=== Exercise description ===
Each line of the data holding "These" should be found and copied.

=== Records for the task ===
----------------

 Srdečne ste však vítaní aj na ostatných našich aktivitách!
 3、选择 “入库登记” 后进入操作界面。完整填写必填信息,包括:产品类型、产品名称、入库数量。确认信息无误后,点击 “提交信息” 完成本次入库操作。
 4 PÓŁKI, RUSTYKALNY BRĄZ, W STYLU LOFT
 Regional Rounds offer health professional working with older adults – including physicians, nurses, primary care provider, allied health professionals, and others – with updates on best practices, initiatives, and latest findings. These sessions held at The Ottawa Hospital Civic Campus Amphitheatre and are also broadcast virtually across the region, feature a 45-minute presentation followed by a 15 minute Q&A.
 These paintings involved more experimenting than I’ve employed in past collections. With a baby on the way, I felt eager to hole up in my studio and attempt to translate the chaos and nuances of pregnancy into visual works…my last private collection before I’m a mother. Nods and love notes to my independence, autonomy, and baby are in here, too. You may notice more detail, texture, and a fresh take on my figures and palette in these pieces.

----------------

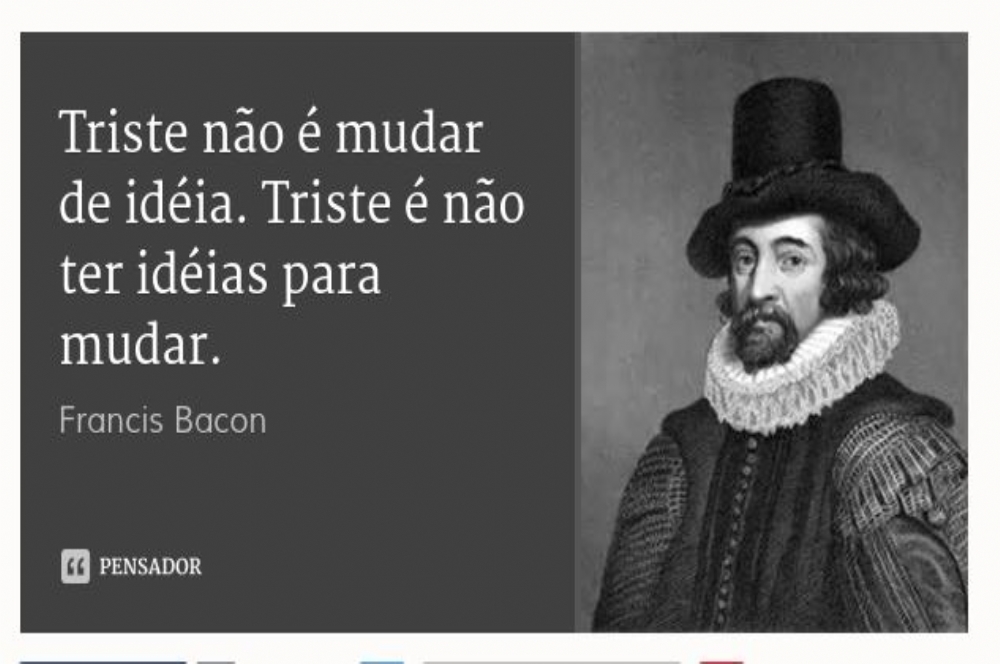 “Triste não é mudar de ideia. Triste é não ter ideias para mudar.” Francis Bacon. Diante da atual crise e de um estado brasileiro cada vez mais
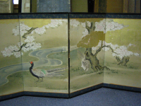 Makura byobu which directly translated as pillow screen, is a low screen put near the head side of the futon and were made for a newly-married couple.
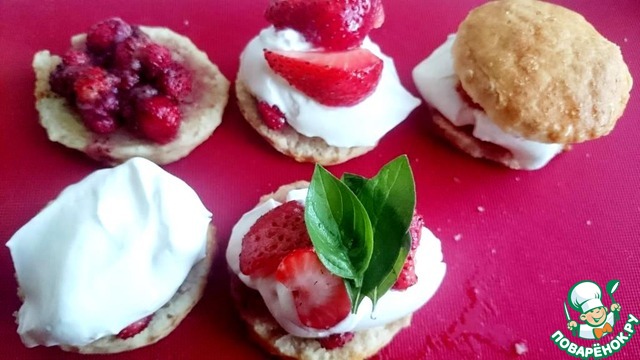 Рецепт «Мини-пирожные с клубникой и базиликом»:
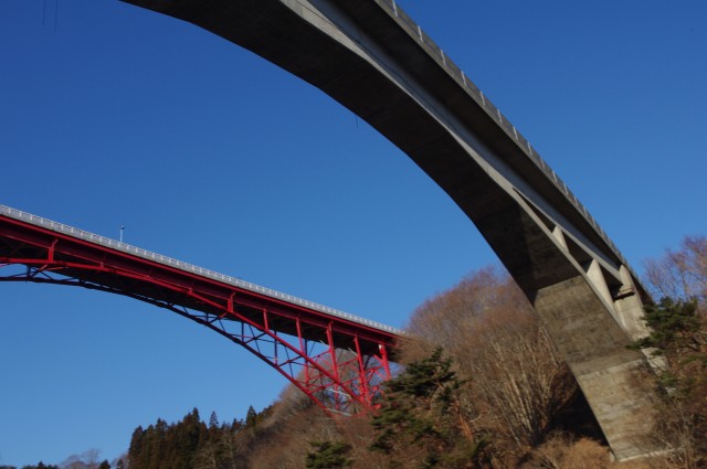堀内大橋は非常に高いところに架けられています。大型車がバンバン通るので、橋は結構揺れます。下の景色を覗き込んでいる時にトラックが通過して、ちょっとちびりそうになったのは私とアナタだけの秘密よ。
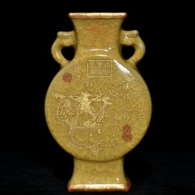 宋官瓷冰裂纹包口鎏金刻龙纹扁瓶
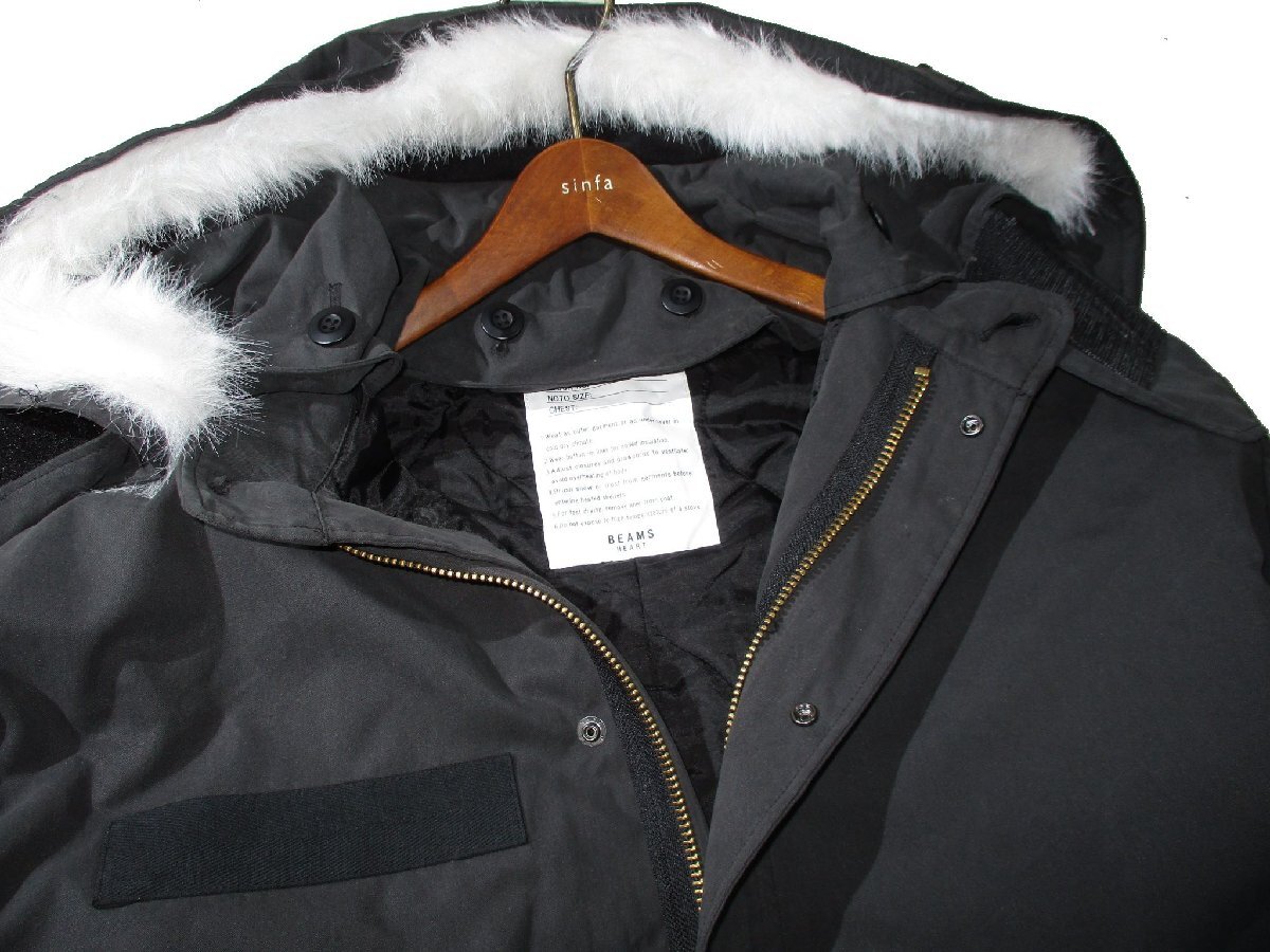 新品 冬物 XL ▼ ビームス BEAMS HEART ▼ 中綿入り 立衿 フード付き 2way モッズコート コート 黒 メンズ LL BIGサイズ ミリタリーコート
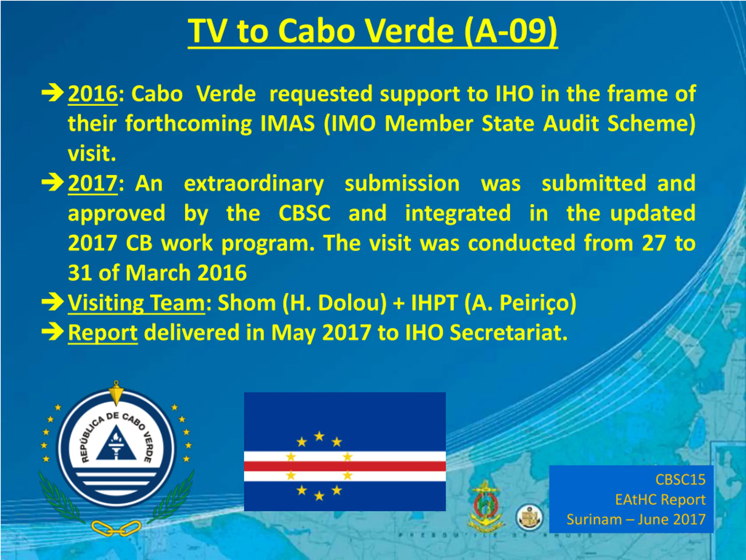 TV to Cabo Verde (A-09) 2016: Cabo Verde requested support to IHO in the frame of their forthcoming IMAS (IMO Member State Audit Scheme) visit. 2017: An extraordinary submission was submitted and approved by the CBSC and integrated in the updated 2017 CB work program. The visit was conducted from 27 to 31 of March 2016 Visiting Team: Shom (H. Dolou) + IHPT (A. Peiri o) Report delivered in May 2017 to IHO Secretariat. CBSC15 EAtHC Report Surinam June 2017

----------------

=== Output of the task ===
 Regional Rounds offer health professional working with older adults – including physicians, nurses, primary care provider, allied health professionals, and others – with updates on best practices, initiatives, and latest findings. These sessions held at The Ottawa Hospital Civic Campus Amphitheatre and are also broadcast virtually across the region, feature a 45-minute presentation followed by a 15 minute Q&A.
 These paintings involved more experimenting than I’ve employed in past collections. With a baby on the way, I felt eager to hole up in my studio and attempt to translate the chaos and nuances of pregnancy into visual works…my last private collection before I’m a mother. Nods and love notes to my independence, autonomy, and baby are in here, too. You may notice more detail, texture, and a fresh take on my figures and palette in these pieces.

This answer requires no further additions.